*WHAT YOU HAVE TO DO*
Each line from the one containing "condom maire mi mandat 564.JPG" to the end of the data must be copied exactly, the first and last included; no other lines and no pictures belong in the copy.

*DATA PROVIDED*
BEGIN

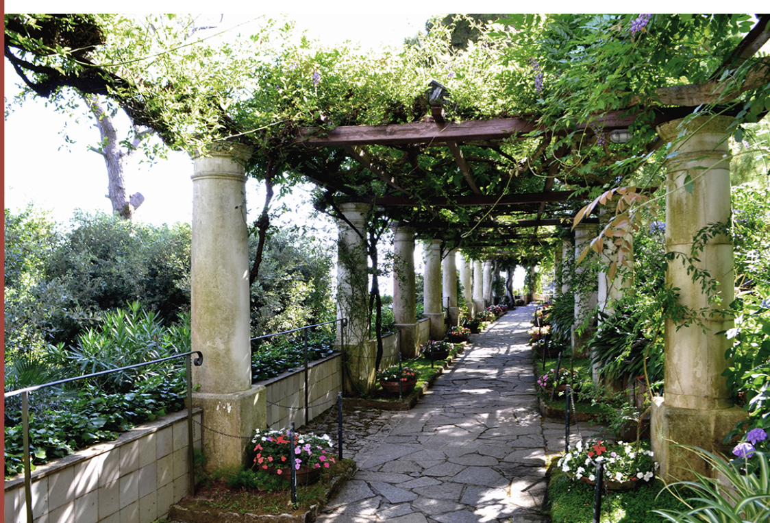
PORTICATO TRADIZIONALE DELLA COSTA AMALFITANA
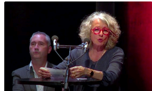
condom maire mi mandat 564.JPG
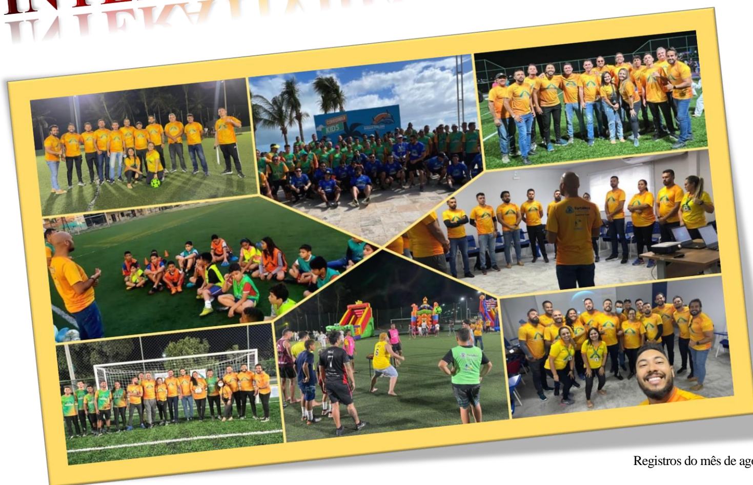
Registros do mês de agosto.
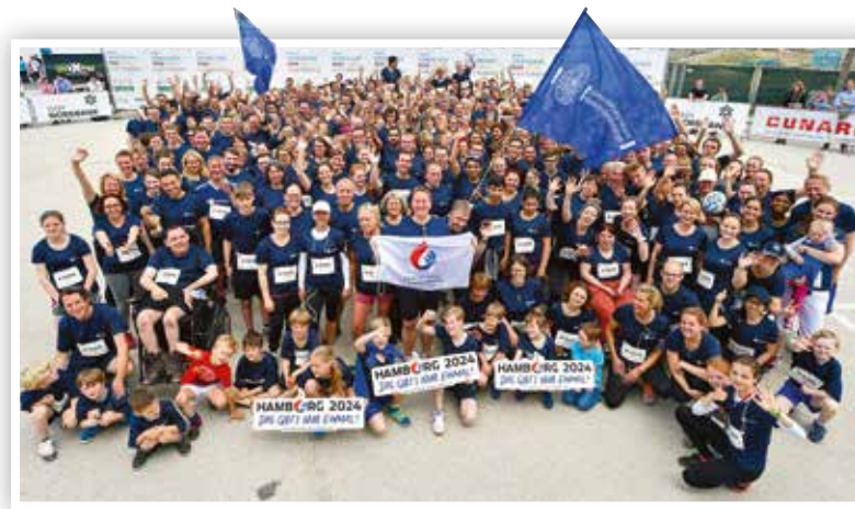
Von Anfang an gute Laune: Schon vor dem Start jubelten die UKE-Mitarbeiter beim offiziellen Fototermin
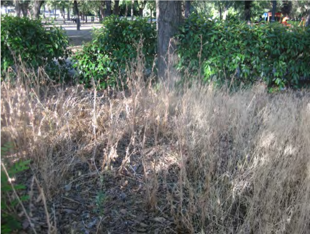
Parque Dehesa Boyal
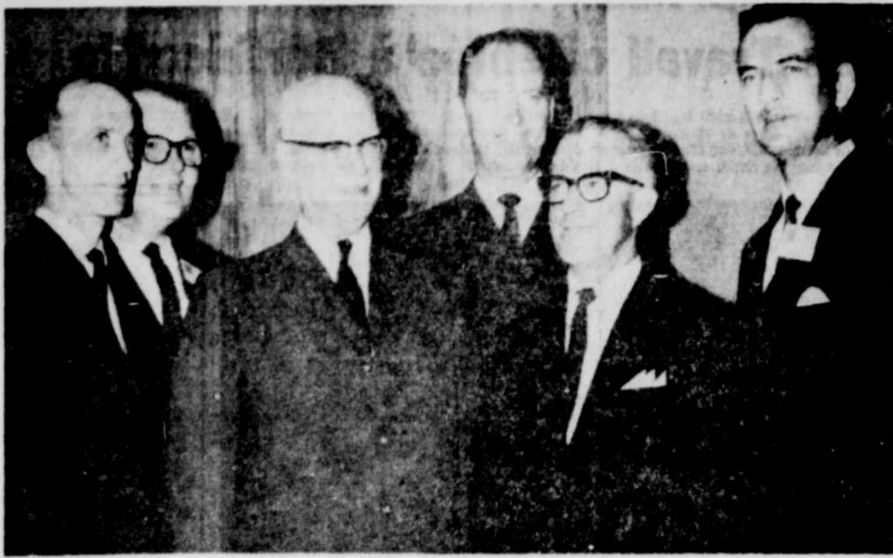
LES MEILLEURS REPRESENTANTS des régions canadiennes et américaines de la Société des Artisans, membres du Club des Vedettes, participent actuellement à un congrès tenu à l'Estérel, dans les Laurentides. Accompagnés de leurs épouses, ces 57 experts en assurance coopérative étudient divers aspects de la compétence professionnelle
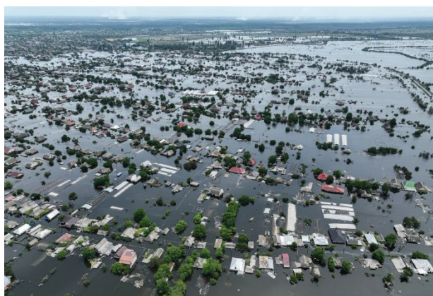
Рис. 2. Панорама м. Олешки Херсонського р-ну після затоплення (2023)

Крім рятувальних заходів, які проводились на місцях, на рівні органів державної влади було вжито заходи, які стосувались саме культурно-мистецької сфери. Так, на початку липня 2023 року, згідно з Розпорядженням Кабінету Міністрів України від 30 червня 2023 р. № 590-р, було створено міжвідомчий Координаційний центр зі збереження культурної спадщини та культурних цінностей на територіях, що постраждали внаслідок руйнування Каховської ГЕС. Його очолив О. Ткаченко, Міністр культури та інформаційної політики. До складу Координаційного центру увійшли представники Міністерства внутрішніх справ України, Міністерства інфраструктури України, Міністерства культури та інформаційної політики, Міністерства оборони України, Міністерства освіти і науки України, Національної поліції України, Інституту археології НАН України, Сили територіальної оборони ЗСУ, Дніпропе-

END

*REPLY TO THE EXERCISE*
condom maire mi mandat 564.JPG
Registros do mês de agosto.
Von Anfang an gute Laune: Schon vor dem Start jubelten die UKE-Mitarbeiter beim offiziellen Fototermin
Parque Dehesa Boyal
LES MEILLEURS REPRESENTANTS des régions canadiennes et américaines de la Société des Artisans, membres du Club des Vedettes, participent actuellement à un congrès tenu à l'Estérel, dans les Laurentides. Accompagnés de leurs épouses, ces 57 experts en assurance coopérative étudient divers aspects de la compétence professionnelle
Рис. 2. Панорама м. Олешки Херсонського р-ну після затоплення (2023)

Крім рятувальних заходів, які проводились на місцях, на рівні органів державної влади було вжито заходи, які стосувались саме культурно-мистецької сфери. Так, на початку липня 2023 року, згідно з Розпорядженням Кабінету Міністрів України від 30 червня 2023 р. № 590-р, було створено міжвідомчий Координаційний центр зі збереження культурної спадщини та культурних цінностей на територіях, що постраждали внаслідок руйнування Каховської ГЕС. Його очолив О. Ткаченко, Міністр культури та інформаційної політики. До складу Координаційного центру увійшли представники Міністерства внутрішніх справ України, Міністерства інфраструктури України, Міністерства культури та інформаційної політики, Міністерства оборони України, Міністерства освіти і науки України, Національної поліції України, Інституту археології НАН України, Сили територіальної оборони ЗСУ, Дніпропе-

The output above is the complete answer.